Comparative studies of wild-type and cold-mutant (temperature-sensitive) influenza viruses: independent segregation of temperature-sensitivity of virus replication from temperature-sensitivity of virion transcriptase activity during recombination of mutant A/Ann Arbor/6/60 with wild-type H3N2 strains.

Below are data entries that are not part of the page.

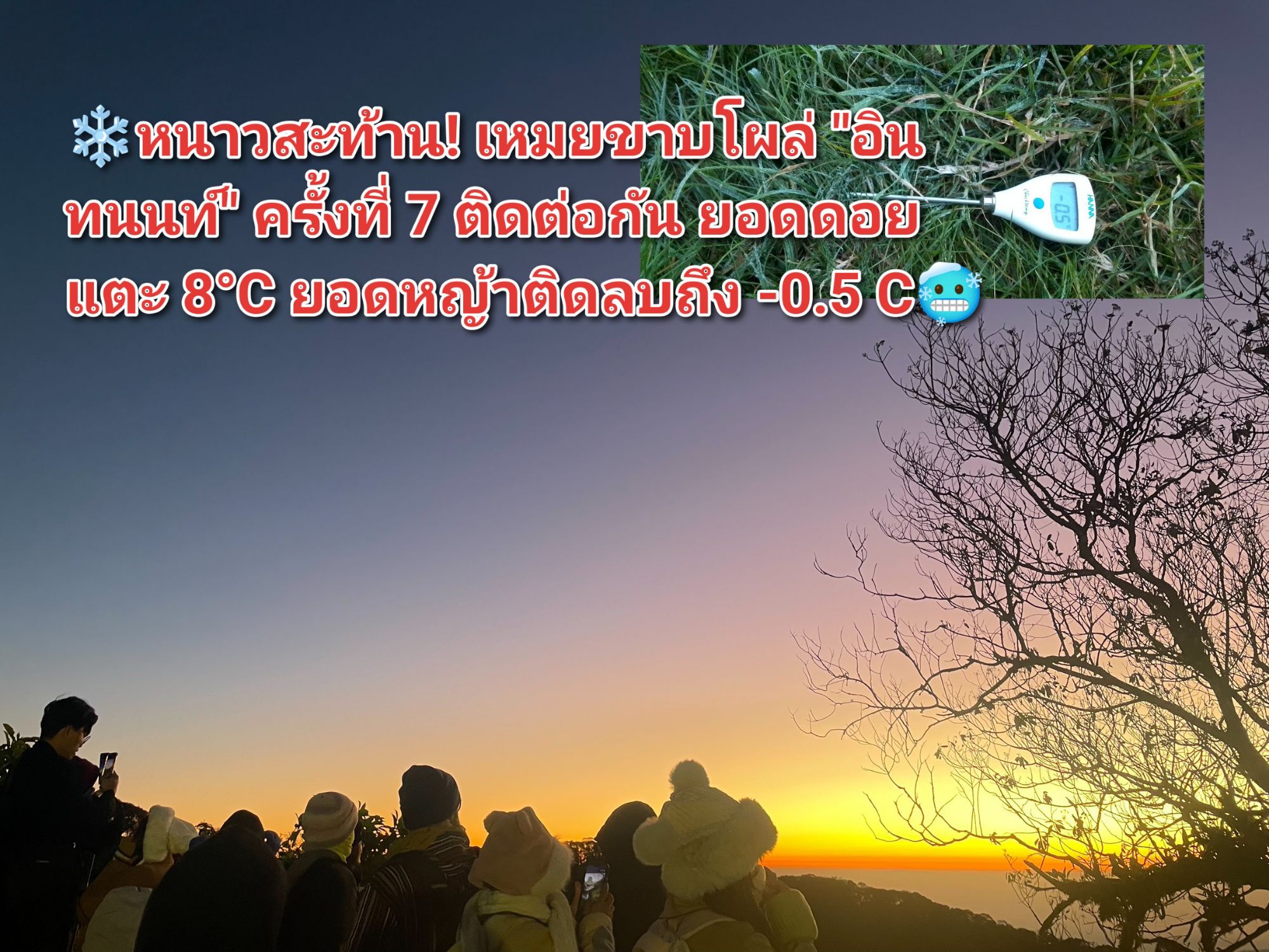 ❄️หนาวสะท้าน! เหมยขาบโผล่ “อินทนนท์” ครั้งที่ 7 ติดต่อกัน ยอดดอยแตะ 8°C ยอดหญ้าติดลบ!🥶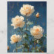 An elegant oil painting capturing creamy white roses in full bloom against a deep navy blue backdrop. The richly textured brushstrokes highlight the petals' softness and the contrast with lush green leaves, creating a timeless floral composition.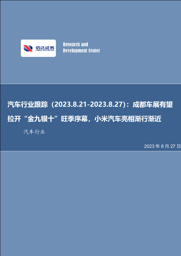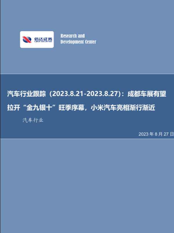 【信达证券】【20230827】汽车行业跟踪(2023.8.21-2023.8.27):成都车展有望拉开“金九银十”旺季序幕,小米汽车亮相渐行渐近-28页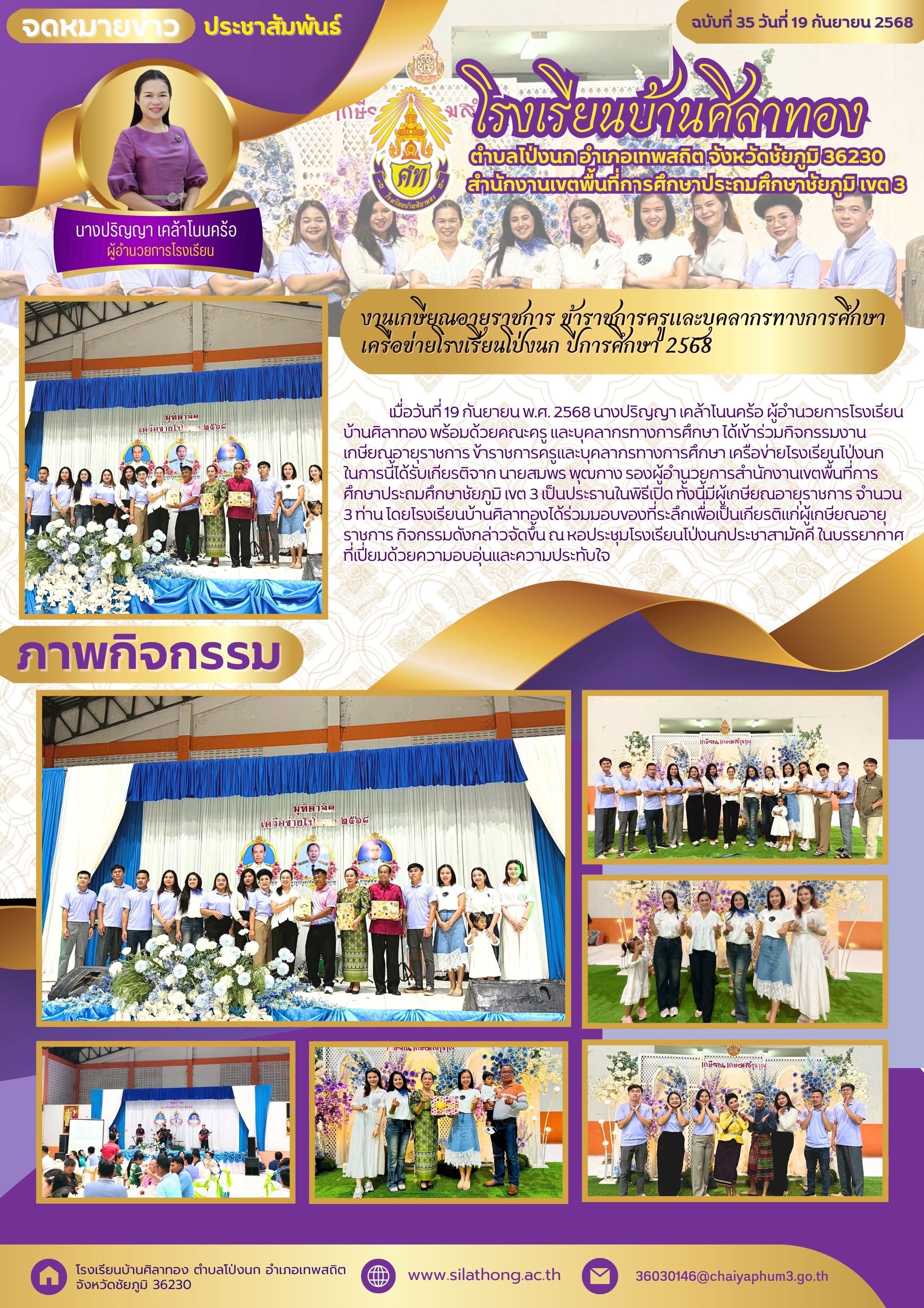 เมื่อวันที่ 19 กันยายน พ.ศ. 2568 นางปริญญา เคล้าโนนคร้อ ผู้อำนวยการโรงเรียนบ้านศิลาทอง พร้อมด้วยคณะครู และบุคลากรทางการศึกษา ได้เข้าร่วมกิจกรรมงานเกษียณอายุราชการ ข้าราชการครูและบุคลากรทางการศึกษา เครือข่ายโรงเรียนโป่งนก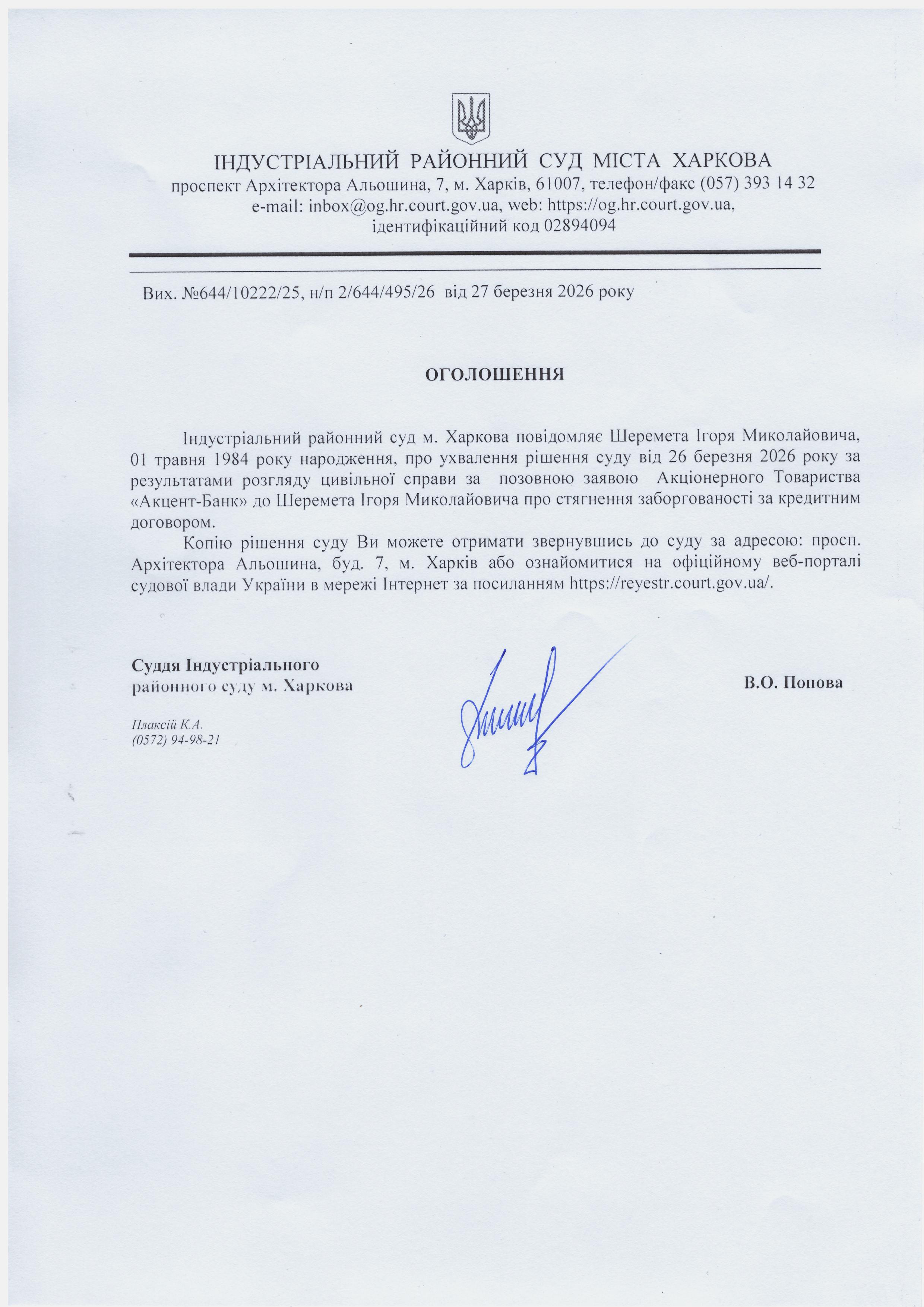 Оголошення про ухвалення рішення суду по справі за позовом АТ "Акцент-Банк" до Шеремет І.М.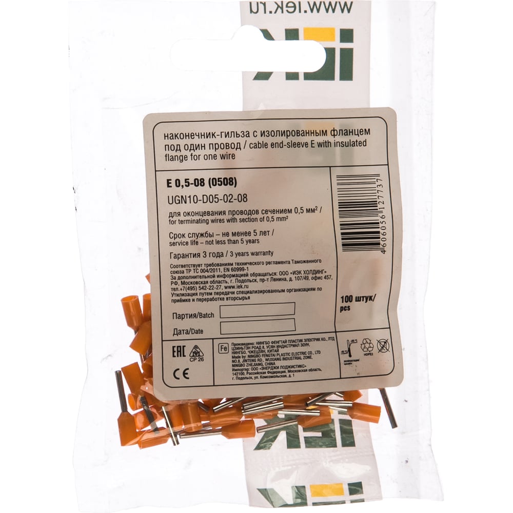 Наконечник-гильза с изолированным фланцем IEK Е0508 уп.100шт ИЭК UGN10-D05-02-08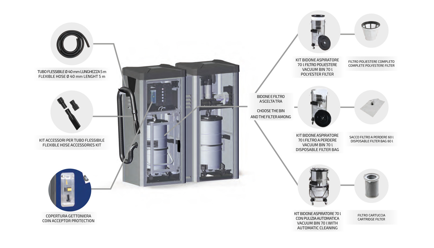 - Contenitore gettoni lucchettabile;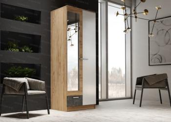 Двухдверный шкаф из серии Адель прекрасно подойдет для хранения вещей на плечиках и одежды в сложенном виде. Одна зеркальная дверца поможет Вам держать под контролем внешний вид, а ящик снизу подарит дополнительное место. Благодаря ширине в 80 см шкаф будет идеален для малогабаритных квартир: впишется в гостиную, спальную комнату или коридор. Сочетание дуба вотана, белого гладкого и темного цемента позволяет расположить шкаф в интерьере в стиле лофт.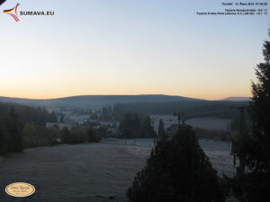 Studené severovýchodní proudění, jasná noc a bezvětří způsobily, že teploty ve všech šumavských polohách klesly pod bod mrazu. Poprvé spadla teplota na dvou šumavských stanicích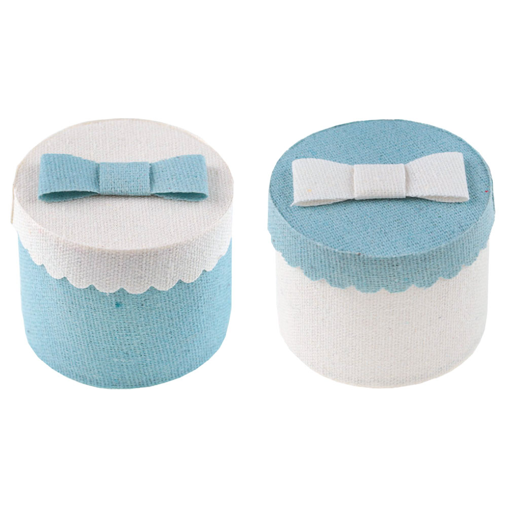 Runda Presentaskar Vit och Ljusblå omfattar 4 stycken runda små presentaskar i vitt och ljusblått som mäter ca 5,5 cm i diameter och är ca 4 cm höga. Askarna är tillverkade av polyester och bomull och passar till förslagsvis godis och små presenter.

RNA 1 (see end of Summary) of a cold-adapted and temperature-sensitive (ts) influenza virus mutant A/Ann Arbor/6/60 has a different mobility from RNA 1 of wild-type (wt) A/Ann Arbor/6/60 when subjected to electrophoresis through acrylamide/agarose gels in the absence of denaturing agents. Detection of this lesion in RNA 1 of the mutant virus was dependent on the temperature of the gel during electrophoresis. Because RNA 1 is believed to code for a protein involved in virus-specific RNA synthesis we compared phenotypes of virion transcriptases in the wt and mutant viruses. The enzyme of the mutant virus was found to be about 40% less active at 40 degrees C than the enzyme of the wt virus when related to their activities at 31 degrees C. Two cold-adapted ts recombinants which derive their RNA 1 from the mutant A/Ann Arbor/6/60 have virion transcriptases with a phenotype similar to that of their mutant parent. Three different cold-adapted ts recombinants, however, which also derive their RNA 1 from the mutant A/Ann Arbor/6/60, have virion transcriptases with a phenotype similar to that of wt virus. We conclude, therefore, that the conditional-lethal ts property of A/Ann Arbor/6/60 mutant and its recombinants is independent of the phenotypic marker observed for the A/Ann Arbor/6/60 mutant virion transcriptase, and that the lesion in RNA 1 of the mutant may also be unrelated to the observed difference between virion transcriptases of the mutant and wt A/Ann Arbor/6/60 viruses. The phenotypes of the virion transcriptases in recombinants did, however, correlate with the derivation of their RNA 2. This suggests that the increased temperature-sensitivity of virion transcriptase of the A/Ann Arbor/6/60 mutant is caused by either (1) a lesion (not necessarily conditionally lethal) that occurred in its RNA 2 during the course of cold-adaptation, or (2) a lesion in another gene whose product is a component of the virion transcriptase complex, but which lesion is only expressed phenotypically when there is a synergistic interaction in the transcriptase complex with the product of A/Ann Arbor/6/60 rna 2.